The Republicans’ youth mobilization effort improved with Mitt Romney, and Levine said he looks forward to 2016. “It’ll be an interesting new playing field since Barack Obama won’t be on the ballot, and in particular, the Republican Party will have a new cast of characters,” he said.

Both parties developed their midterm outreach strategies around meeting the voters where they are. In millennials’ case, that meant posting on social media sites such as Twitter, Facebook, YouTube, Reddit and Instagram. But even those efforts were hit-or-miss.

The GOP got smacked for an ad in the style of the TV show "Say Yes to the Dress" that equated choosing a candidate with shopping for the perfect wedding gown. In the ad, young, female voters decide to pick a Republican candidate, to the chagrin of their older mothers who like the Democratic style. Critics derided the attempt to connect with young women as sexist and condescending.

Obama wrote an essay on the website Medium, encouraging millennials to take charge of the economy, but critics argued that young people rarely visit that site. "Someone Should Tell Obama Medium Isn't Cool," wrote one observer.

Politicians from both parties make campaign stops on college campuses. Other organizations encourage voting overall: At North Carolina State University, a party bus with snacks and models will shuttle students to vote as part of a Cosmopolitan magazine prize. Overall, though, the key to getting millennials to vote will be to engage them on issues: 28 percent of respondents in the Fusion poll said the economy was the most important issue facing the U.S., while 16 percent said debt and spending were the most pressing -- about the same amount cited terrorism and national security.

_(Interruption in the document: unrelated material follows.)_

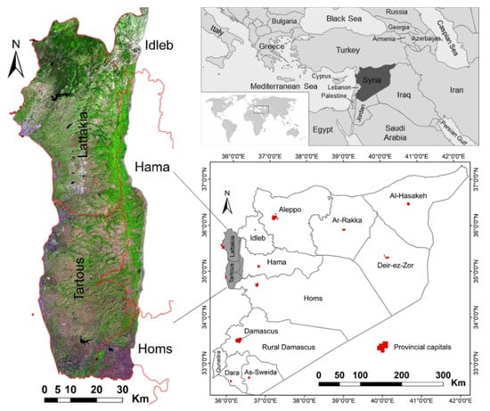 Forests are among the most seriously threatened natural land uses in Syria due to human-induced deforestation activities, particularly those associated with the ongoing conflict since mid-2011. These activities are often represented by frequent forest fires occurring on a large scale as well as the illegal production of wood and firewood, which have transformed from individual encroachments by the population into collective encroachments that have destroyed thousands of hectares of forests [45]. Thus, it is expected that forests in the Syrian coast region, which represent more than 75% of the total area of Syria’s forests, have undergone remarkable changes during the conflict, and it is also expected that these forests have suffered from continuous depletion. To date, due to the ongoing conflict and the political situation in Syria, there are no studies that provide accurate, reliable, and comprehensive data on the temporal and spatial dynamics of forest change in this region and analyze the driving forces behind this change. Therefore, this study aims (1) to monitor LULC changes in the Syrian coast region using multi-temporal Landsat images during the period between 2010 and 2020, (2) to analyze the spatial and temporal dynamics of forest cover in order to determine the patterns of change in this cover, (3) to evaluate the density and distribution of forest cover, and (4) to identify the potential proximate drivers behind the dynamics of change in forest cover with a focus on direct and indirect drivers associated with the conflict situation in the country. By understanding the effects of the driving forces on changes in forest cover in the study area, this study can help in identifying the areas of initial intervention to protect the forests in the Syrian coast region from loss and degradation. In addition, this study can contribute to effective strategic planning for sustainable development of forest resources in Syria.

But when asked if political engagement or community volunteerism was the best way to fix important issues facing the country, 42 percent of Harvard poll respondents said volunteerism. Another 37 percent said they weren’t sure. Only 18 percent said political engagement.

“Young people are far more interested in issues and solving problems than they are in partisan politics, and the entire election is set up as a partisan fight,” Spillane said. “There’s a disconnect between ‘This is an issue I care about so I must vote.’”

Rock the Vote’s Turn Out For What campaign is working to emphasize the link between voting and changing laws. The organization shot a music video with celebrities saying why they’re going to the polls next week: Lil Jon wants to support marijuana legalization; Lena Dunham is protecting reproductive rights; Darren Criss is interested in improving education.

Those issues will likely be the same ones driving discussions in 2016, said 21-year-old Hayley Young, the College Democrats chair at the University of Wisconsin-Madison. And when that rolls around, will candidates need millennials to win? Czin didn't miss a beat: “Without a doubt, yes.”